An AI that Works Like the Human Eye: 

a novel fully convolutional network for visual saliency prediction

The Human Visual System  – the eye and the parts of the brain that process and interpret what we see – naturally focuses on a part of the scene in view rather than the whole scene. This tendency is known as visual attention or saliency, and it is how we “spot” something. Our brains tell is where to focus attention based on prominent or conspicuous visual features such as brightness, colour, edges and motion, as well as priority-related features that distinguish something we are “looking for”.

Understanding human visual saliency, or how and why human sight focuses on in a particular scene  is an important topic in reasearch on computer vision, or visual AI.  Visual AI that can approximate human visual saliency can help advance a broad range of technologies, from detecting particular targets in satellite imagery to safe navigation in driverless vehicles.

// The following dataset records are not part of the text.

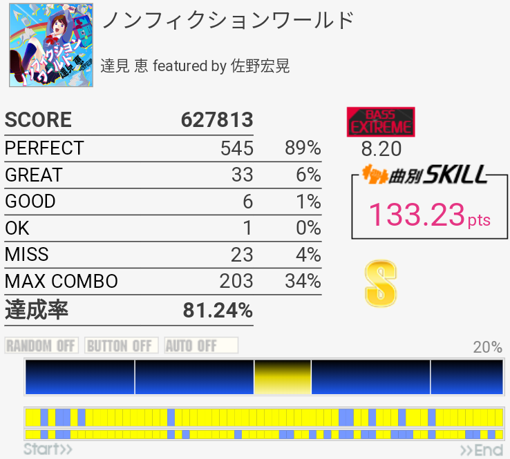 やっぱり同じ譜面ばかり選びがちなので色んな譜面をやらなきゃなー。難度値フォルダでランセレするとか。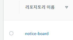 콘솔화면, Amazon ECR로 이동하여 리포지토리 생성을 클릭 → notice-board 라는 레파지토리를 생성 한다.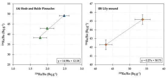 - Ditchburn, R.G.; de Ronde, C.E.J. Evidence for Remobilization of Barite Affecting Radiometric Dating Using 228Ra, 228Th, and 226Ra/Ba Values: Implications for the Evolution of Sea-Floor Volcanogenic Massive Sulfides. Econ. Geol. 2017, 112, 1231–1245. [Google Scholar] [CrossRef]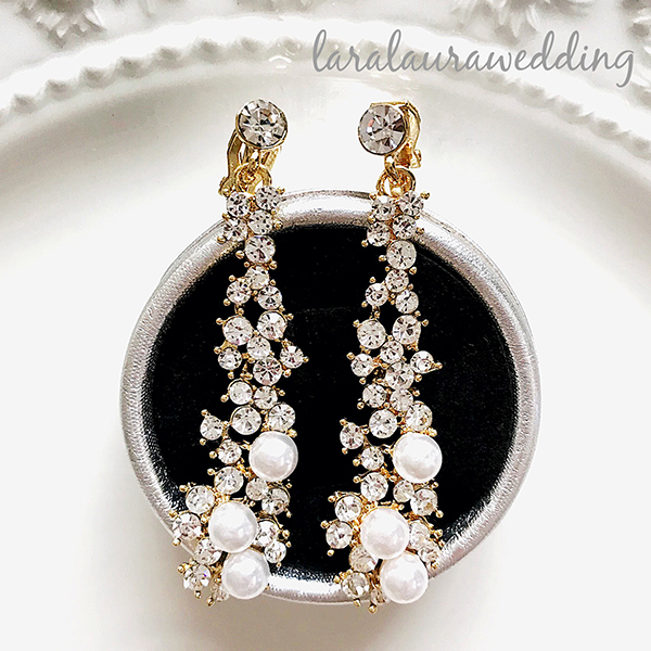 パールとクリスタルストーンのピアス。ゴールド地金にクリスタルストーンとパールをバランスよく埋め込んでおります。コーディネートを選ばない人気のデザインです。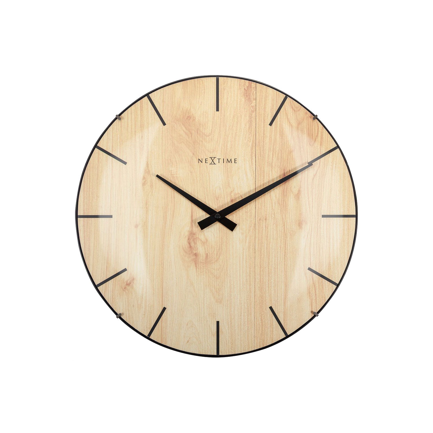Väggklocka NeXtime Edge Wood Dome är en väggklocka med en urtavla i trä och kupolformat glas som ger en elegant känsla. Klockan är ljudlös.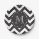 Black and White Zigzag Chevron Monogram Paper Plate

Many models have been developed to replicate or predict visual saliency, the most popular being the saliency map. Saliency maps describe the probability that each image pixel will attract human attention, based on either conspicuous feaures or priority-related features; these maps display the unique qualities of each pixel in a given image. The probability that each pixel in the image will attract human attention is represented by a heat map or gray-scale image. This is useful because it indicates what is salient and what is not.

The Convolutional Neural Network (CNN) is the most widely used deep learning method for image processing. Specifically, CNN can extract distinguishing visual features (e.g., 2-D spatial features) by applying a hierarchy of convolutional filters using multiple nonlinear transformations. The deep CNN model achieves an even higher classification accuracy (in, for example, scene classification, object  detection, image classification and semantic segmentation) but requires a large volume of training data for superior performance.

Although several deep learning models have been proposed to date,  pixel-based classification of visual attention remains challenging. C-CORE proposes an encoder-decoder Fully Convolutional Network (FCN) model designed for training from scratch, with three inception modules and residual modules to improve performance.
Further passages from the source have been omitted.